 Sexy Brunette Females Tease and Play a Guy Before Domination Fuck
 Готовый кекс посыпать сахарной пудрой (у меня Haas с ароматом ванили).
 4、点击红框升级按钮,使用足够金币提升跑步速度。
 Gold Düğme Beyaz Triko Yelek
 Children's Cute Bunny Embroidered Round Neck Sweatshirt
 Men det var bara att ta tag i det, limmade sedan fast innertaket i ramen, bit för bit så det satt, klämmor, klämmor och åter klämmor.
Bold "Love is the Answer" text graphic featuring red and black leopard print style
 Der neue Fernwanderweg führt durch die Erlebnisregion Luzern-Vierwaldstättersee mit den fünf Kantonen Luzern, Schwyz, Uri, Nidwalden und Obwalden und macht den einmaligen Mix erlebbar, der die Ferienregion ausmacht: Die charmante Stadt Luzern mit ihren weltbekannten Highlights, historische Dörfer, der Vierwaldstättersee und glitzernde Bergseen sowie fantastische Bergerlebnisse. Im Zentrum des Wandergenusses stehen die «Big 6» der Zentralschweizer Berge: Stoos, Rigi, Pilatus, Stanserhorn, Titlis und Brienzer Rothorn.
*-*-*
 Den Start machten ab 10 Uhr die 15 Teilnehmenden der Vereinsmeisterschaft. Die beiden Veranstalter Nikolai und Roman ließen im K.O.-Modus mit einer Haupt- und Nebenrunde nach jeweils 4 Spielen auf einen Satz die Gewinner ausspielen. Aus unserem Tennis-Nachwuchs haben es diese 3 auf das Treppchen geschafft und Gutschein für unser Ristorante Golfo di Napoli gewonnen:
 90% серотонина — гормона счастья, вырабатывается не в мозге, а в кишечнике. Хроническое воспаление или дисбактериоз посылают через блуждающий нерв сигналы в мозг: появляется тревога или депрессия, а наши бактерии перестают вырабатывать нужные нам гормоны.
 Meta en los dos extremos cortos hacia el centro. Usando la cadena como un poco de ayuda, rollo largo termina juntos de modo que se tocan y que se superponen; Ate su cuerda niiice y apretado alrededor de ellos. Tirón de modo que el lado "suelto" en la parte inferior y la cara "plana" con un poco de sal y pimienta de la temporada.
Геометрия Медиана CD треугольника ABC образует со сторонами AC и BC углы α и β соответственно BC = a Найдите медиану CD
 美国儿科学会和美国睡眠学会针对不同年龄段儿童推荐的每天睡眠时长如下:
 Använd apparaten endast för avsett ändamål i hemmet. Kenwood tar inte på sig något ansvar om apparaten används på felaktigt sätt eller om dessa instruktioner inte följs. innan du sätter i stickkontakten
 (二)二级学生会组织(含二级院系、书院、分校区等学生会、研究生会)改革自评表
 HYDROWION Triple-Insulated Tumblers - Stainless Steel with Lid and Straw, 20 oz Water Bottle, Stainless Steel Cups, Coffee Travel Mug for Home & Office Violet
*-*-*
Set down, exactly as they appear above, all lines from the one that has "Sexy Brunette Females" down to the one that has "Der neue Fernwanderweg", including those two and no others.

§ **OUTPUT**
 Sexy Brunette Females Tease and Play a Guy Before Domination Fuck
 Готовый кекс посыпать сахарной пудрой (у меня Haas с ароматом ванили).
 4、点击红框升级按钮,使用足够金币提升跑步速度。
 Gold Düğme Beyaz Triko Yelek
 Children's Cute Bunny Embroidered Round Neck Sweatshirt
 Men det var bara att ta tag i det, limmade sedan fast innertaket i ramen, bit för bit så det satt, klämmor, klämmor och åter klämmor.
Bold "Love is the Answer" text graphic featuring red and black leopard print style
 Der neue Fernwanderweg führt durch die Erlebnisregion Luzern-Vierwaldstättersee mit den fünf Kantonen Luzern, Schwyz, Uri, Nidwalden und Obwalden und macht den einmaligen Mix erlebbar, der die Ferienregion ausmacht: Die charmante Stadt Luzern mit ihren weltbekannten Highlights, historische Dörfer, der Vierwaldstättersee und glitzernde Bergseen sowie fantastische Bergerlebnisse. Im Zentrum des Wandergenusses stehen die «Big 6» der Zentralschweizer Berge: Stoos, Rigi, Pilatus, Stanserhorn, Titlis und Brienzer Rothorn.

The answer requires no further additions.